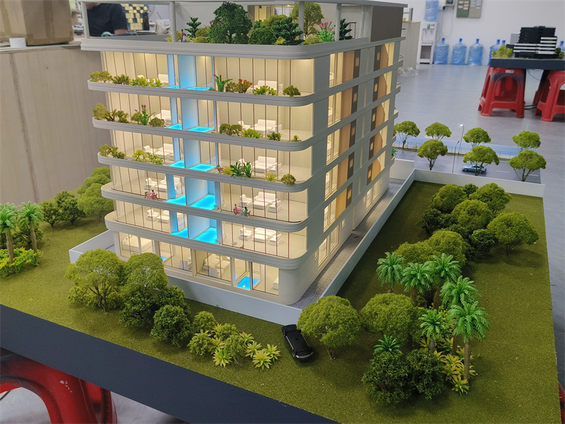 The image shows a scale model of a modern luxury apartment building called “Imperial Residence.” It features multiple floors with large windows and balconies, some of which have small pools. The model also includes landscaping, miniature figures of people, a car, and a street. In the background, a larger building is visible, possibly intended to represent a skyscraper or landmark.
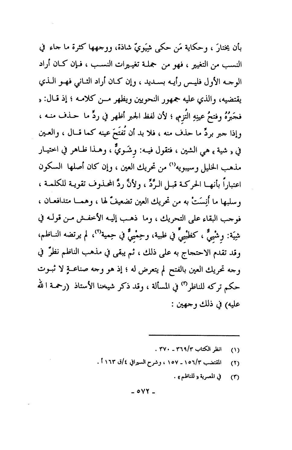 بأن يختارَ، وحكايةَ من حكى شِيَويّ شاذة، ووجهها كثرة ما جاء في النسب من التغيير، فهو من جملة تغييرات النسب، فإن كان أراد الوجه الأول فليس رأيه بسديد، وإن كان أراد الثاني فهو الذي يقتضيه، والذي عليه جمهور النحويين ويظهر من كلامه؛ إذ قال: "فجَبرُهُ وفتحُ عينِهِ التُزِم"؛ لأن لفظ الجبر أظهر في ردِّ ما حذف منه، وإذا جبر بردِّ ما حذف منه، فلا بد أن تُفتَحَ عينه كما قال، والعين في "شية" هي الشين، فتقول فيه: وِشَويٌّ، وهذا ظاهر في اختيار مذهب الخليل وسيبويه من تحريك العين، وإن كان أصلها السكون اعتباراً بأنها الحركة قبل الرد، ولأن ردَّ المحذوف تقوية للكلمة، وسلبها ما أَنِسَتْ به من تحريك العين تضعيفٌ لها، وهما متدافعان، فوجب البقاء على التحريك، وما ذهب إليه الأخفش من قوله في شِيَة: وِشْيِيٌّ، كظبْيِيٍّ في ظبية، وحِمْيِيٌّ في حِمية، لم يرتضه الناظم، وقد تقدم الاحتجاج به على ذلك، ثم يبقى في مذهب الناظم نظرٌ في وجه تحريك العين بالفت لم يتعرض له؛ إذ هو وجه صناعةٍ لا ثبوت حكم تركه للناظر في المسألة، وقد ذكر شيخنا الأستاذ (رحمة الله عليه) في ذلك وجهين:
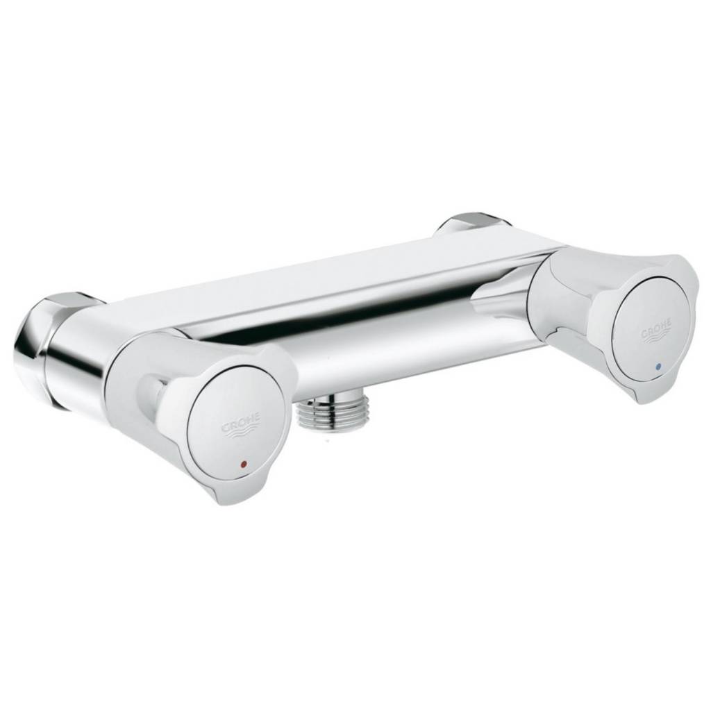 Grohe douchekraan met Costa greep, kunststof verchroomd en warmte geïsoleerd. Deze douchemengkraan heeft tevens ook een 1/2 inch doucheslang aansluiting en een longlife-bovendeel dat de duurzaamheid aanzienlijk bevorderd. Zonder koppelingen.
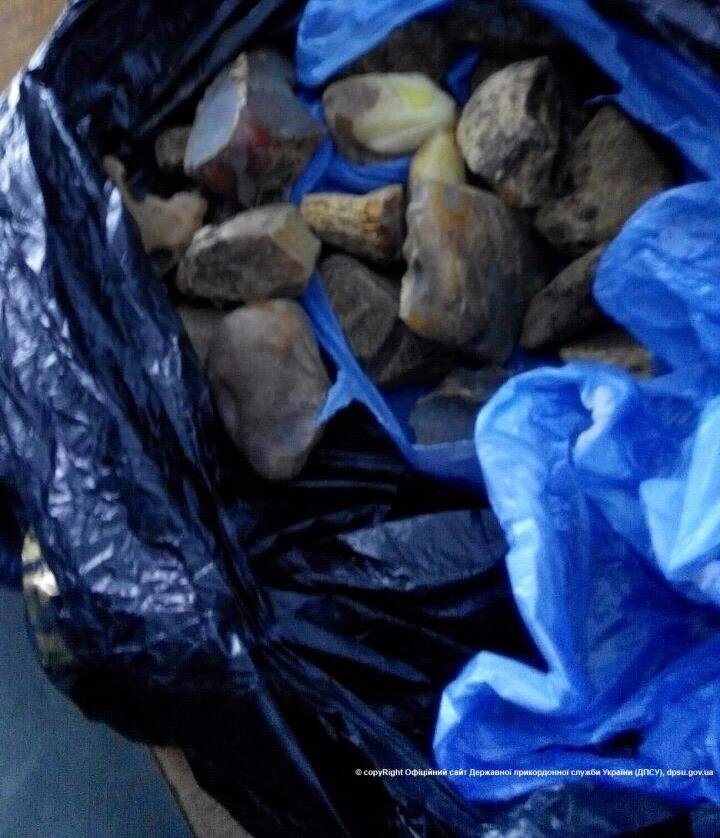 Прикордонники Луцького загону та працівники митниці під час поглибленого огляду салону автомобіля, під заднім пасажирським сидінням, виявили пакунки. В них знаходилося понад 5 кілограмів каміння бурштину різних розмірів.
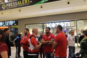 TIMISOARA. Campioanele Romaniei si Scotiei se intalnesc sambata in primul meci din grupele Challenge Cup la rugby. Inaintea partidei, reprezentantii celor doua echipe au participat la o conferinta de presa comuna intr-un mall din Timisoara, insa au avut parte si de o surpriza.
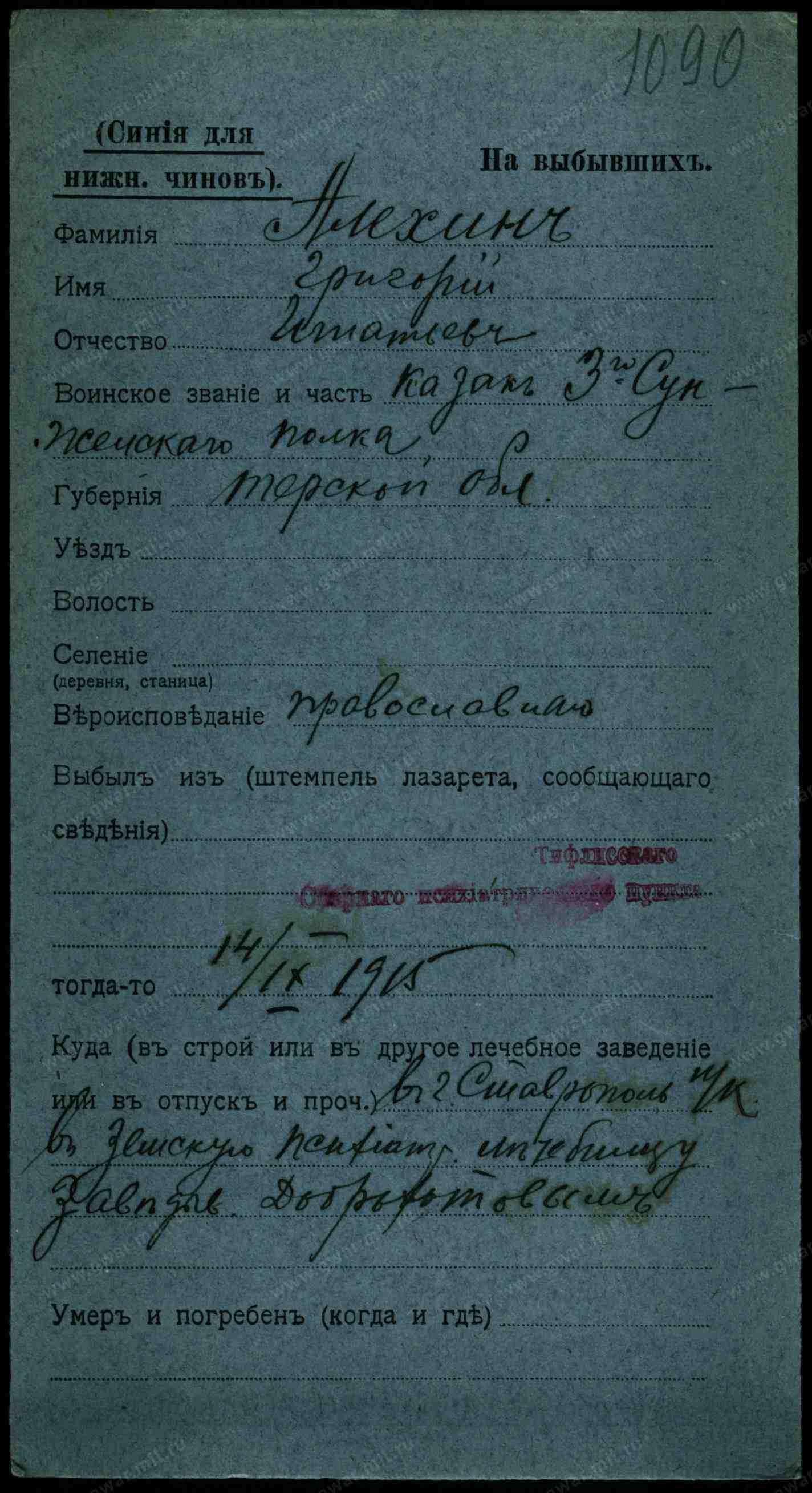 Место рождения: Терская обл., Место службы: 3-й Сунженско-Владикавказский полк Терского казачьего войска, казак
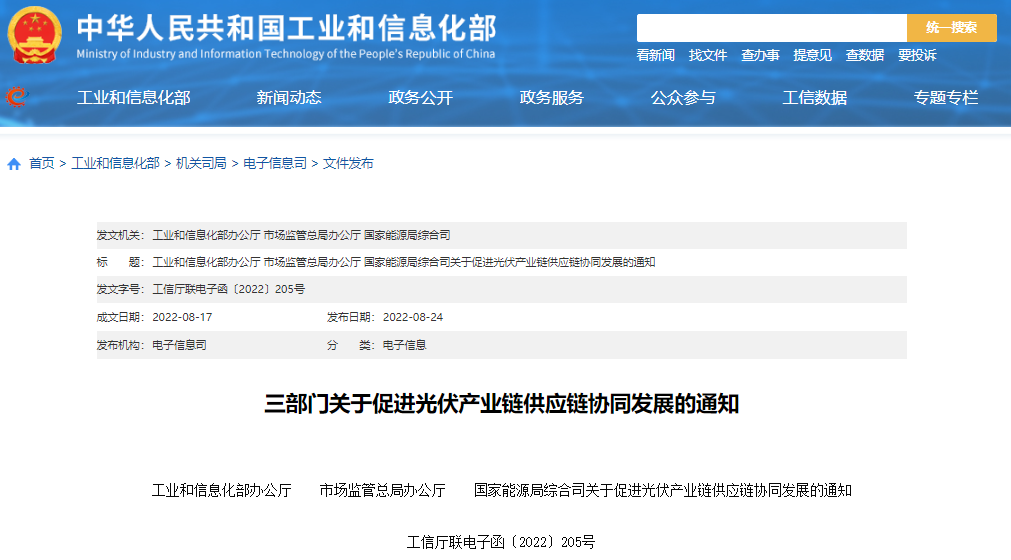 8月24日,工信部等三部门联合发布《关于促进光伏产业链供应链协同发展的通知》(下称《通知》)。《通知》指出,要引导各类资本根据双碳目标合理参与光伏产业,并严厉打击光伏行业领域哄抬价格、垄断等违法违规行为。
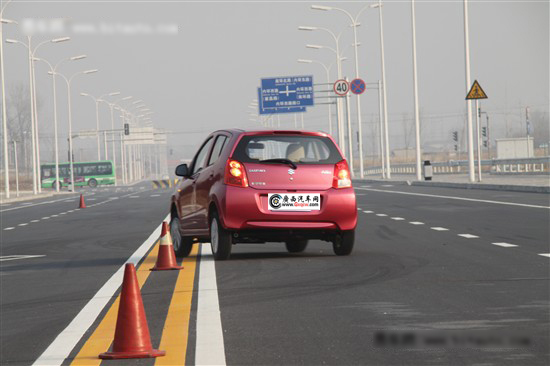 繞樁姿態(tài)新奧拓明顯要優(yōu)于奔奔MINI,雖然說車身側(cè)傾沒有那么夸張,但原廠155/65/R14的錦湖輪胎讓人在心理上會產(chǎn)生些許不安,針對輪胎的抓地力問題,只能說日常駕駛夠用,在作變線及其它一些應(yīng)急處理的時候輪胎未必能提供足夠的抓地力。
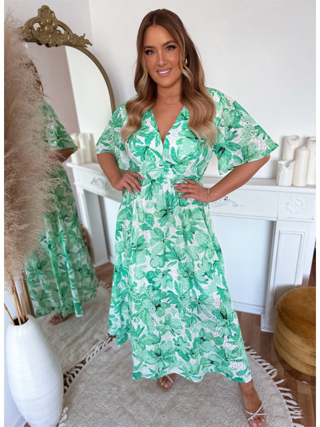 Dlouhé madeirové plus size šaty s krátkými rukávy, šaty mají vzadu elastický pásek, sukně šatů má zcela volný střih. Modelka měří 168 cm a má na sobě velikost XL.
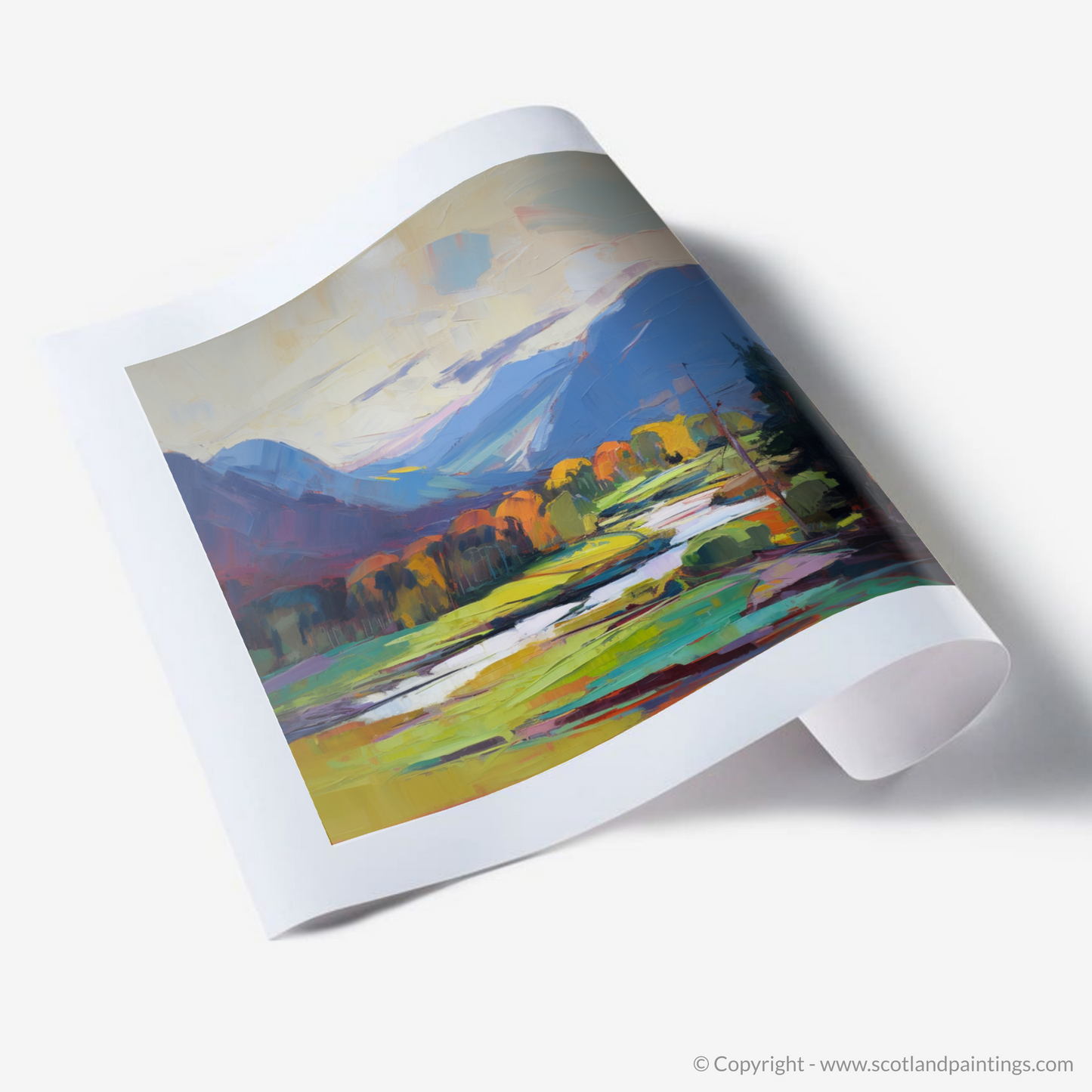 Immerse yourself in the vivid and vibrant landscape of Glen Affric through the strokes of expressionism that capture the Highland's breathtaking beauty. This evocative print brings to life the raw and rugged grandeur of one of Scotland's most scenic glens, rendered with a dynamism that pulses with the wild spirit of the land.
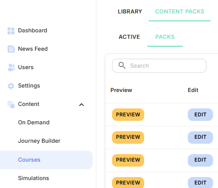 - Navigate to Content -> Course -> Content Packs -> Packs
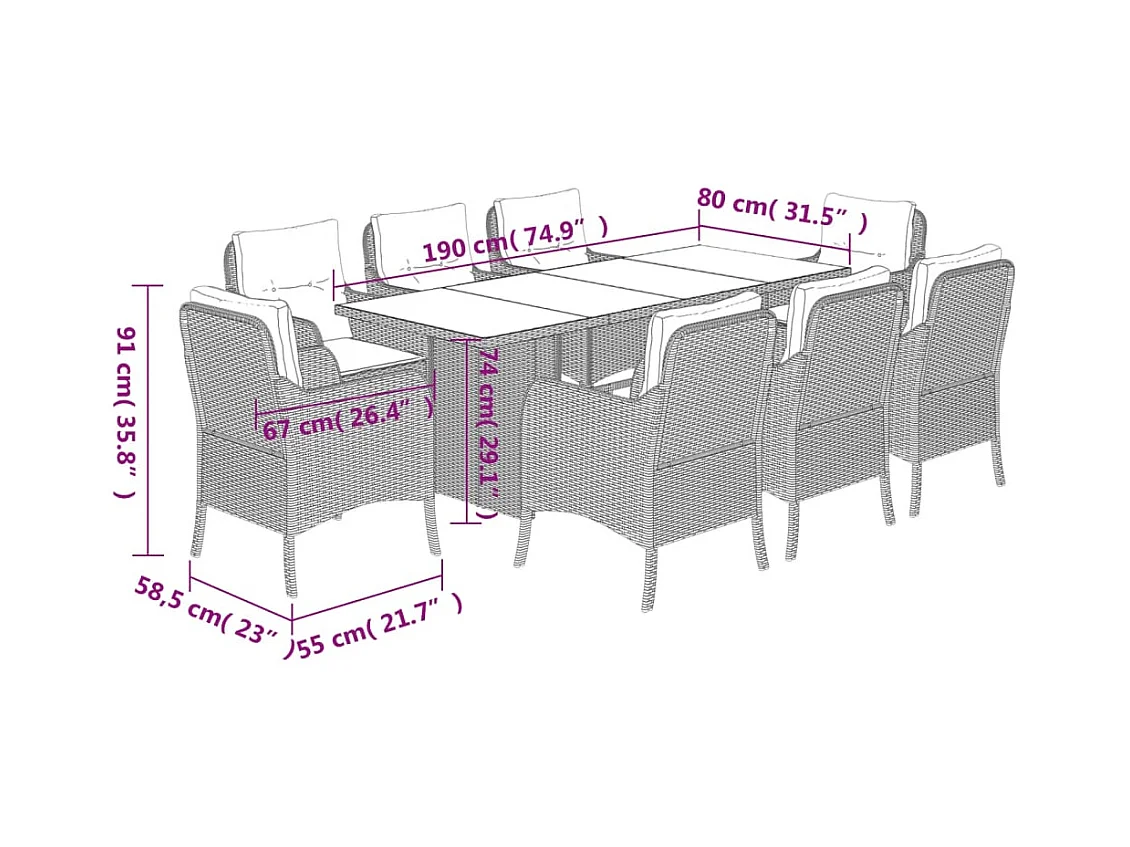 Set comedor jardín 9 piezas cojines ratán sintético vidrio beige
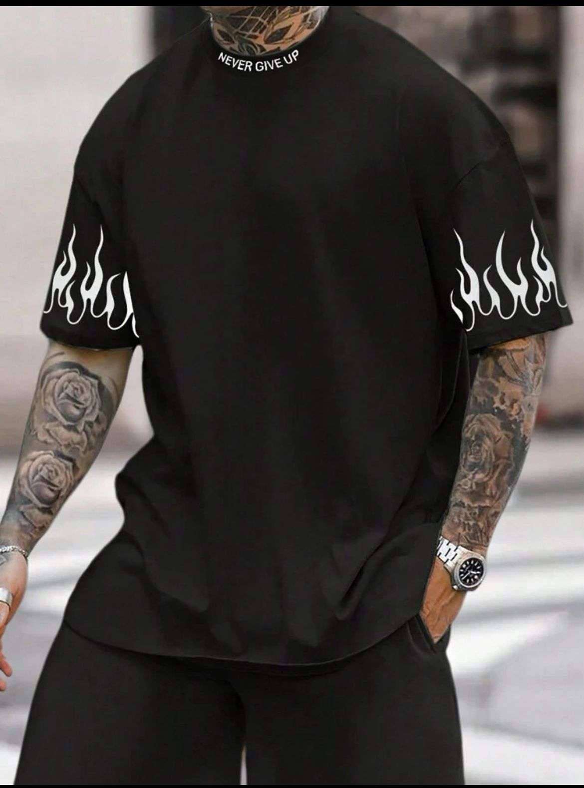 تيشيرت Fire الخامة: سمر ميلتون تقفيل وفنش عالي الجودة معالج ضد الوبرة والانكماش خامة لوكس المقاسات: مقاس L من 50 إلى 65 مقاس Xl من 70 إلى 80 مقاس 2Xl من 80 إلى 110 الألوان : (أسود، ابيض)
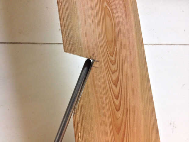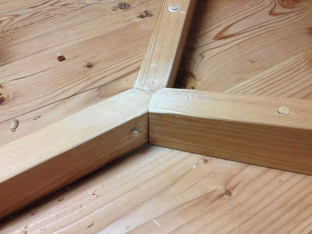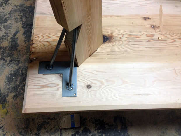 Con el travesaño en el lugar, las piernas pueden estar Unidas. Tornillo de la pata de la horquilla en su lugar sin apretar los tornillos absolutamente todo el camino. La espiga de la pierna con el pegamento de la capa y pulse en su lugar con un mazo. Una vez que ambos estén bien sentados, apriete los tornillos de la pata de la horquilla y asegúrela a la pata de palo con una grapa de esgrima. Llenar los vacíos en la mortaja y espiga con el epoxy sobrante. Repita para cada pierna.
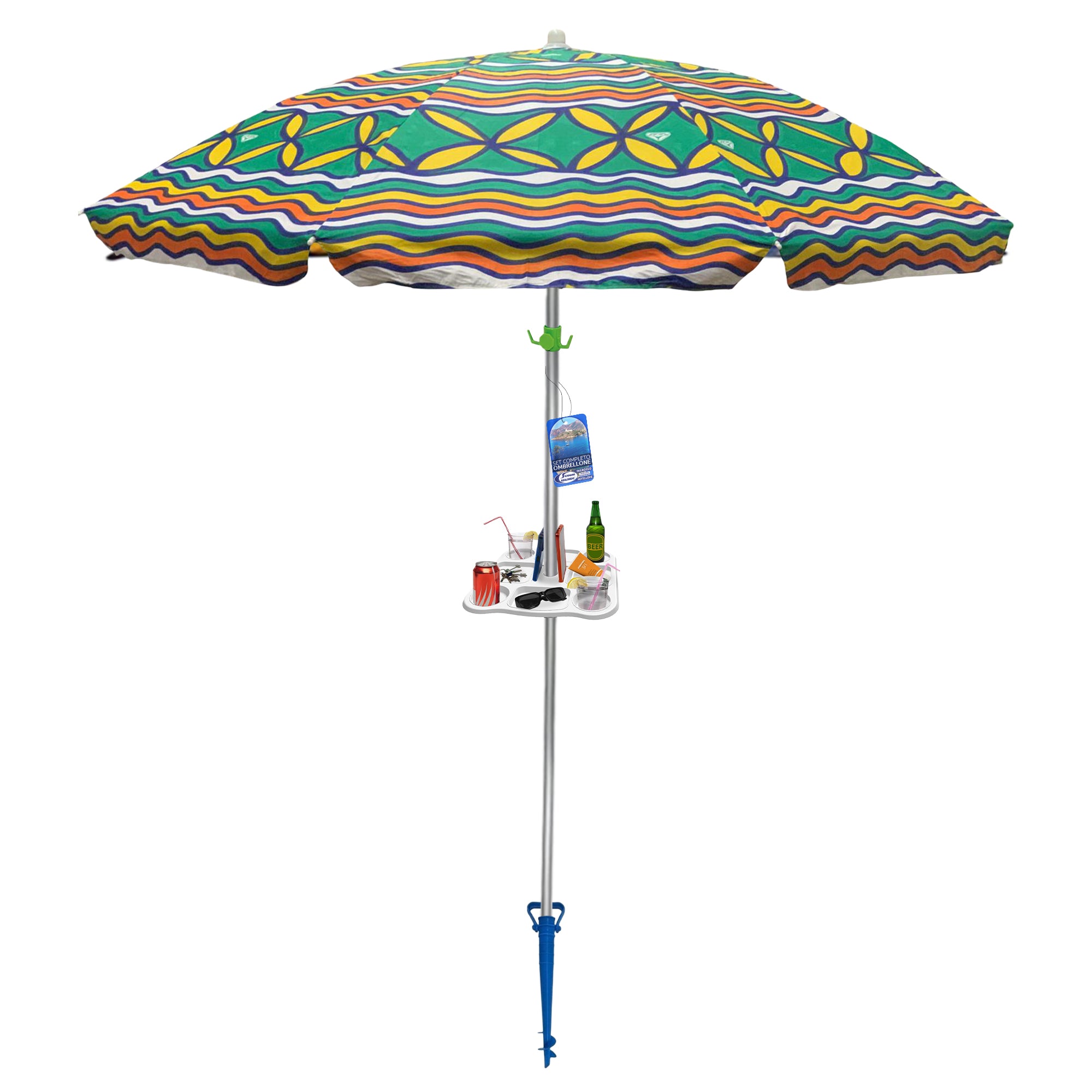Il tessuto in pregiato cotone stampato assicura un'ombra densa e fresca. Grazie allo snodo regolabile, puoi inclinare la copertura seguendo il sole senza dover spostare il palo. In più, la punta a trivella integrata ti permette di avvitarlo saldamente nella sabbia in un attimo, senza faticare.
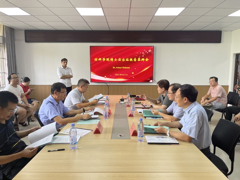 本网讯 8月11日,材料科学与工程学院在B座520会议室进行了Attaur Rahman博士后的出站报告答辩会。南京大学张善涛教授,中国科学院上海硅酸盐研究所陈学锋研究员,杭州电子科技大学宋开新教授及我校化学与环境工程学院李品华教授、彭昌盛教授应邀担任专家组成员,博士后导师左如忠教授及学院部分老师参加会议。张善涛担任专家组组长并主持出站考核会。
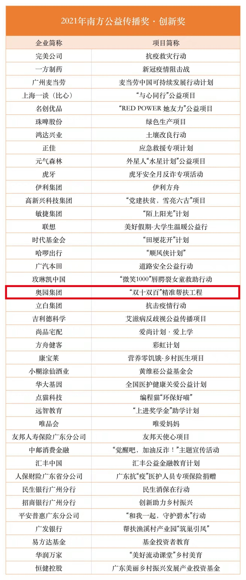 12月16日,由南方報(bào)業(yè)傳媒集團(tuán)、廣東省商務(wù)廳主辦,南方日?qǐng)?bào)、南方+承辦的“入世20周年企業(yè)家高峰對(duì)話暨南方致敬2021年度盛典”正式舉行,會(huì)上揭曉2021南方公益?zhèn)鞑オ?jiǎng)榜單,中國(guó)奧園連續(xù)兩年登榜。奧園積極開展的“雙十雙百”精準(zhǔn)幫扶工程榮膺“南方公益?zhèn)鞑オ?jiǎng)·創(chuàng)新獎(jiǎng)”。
————
Everything from the line with "Grohe douchekraan met" through the line with "Прикордонники Луцького загону" in the material above should be transcribed exactly, except the pictures.

 Grohe douchekraan met Costa greep, kunststof verchroomd en warmte geïsoleerd. Deze douchemengkraan heeft tevens ook een 1/2 inch doucheslang aansluiting en een longlife-bovendeel dat de duurzaamheid aanzienlijk bevorderd. Zonder koppelingen.
 Прикордонники Луцького загону та працівники митниці під час поглибленого огляду салону автомобіля, під заднім пасажирським сидінням, виявили пакунки. В них знаходилося понад 5 кілограмів каміння бурштину різних розмірів.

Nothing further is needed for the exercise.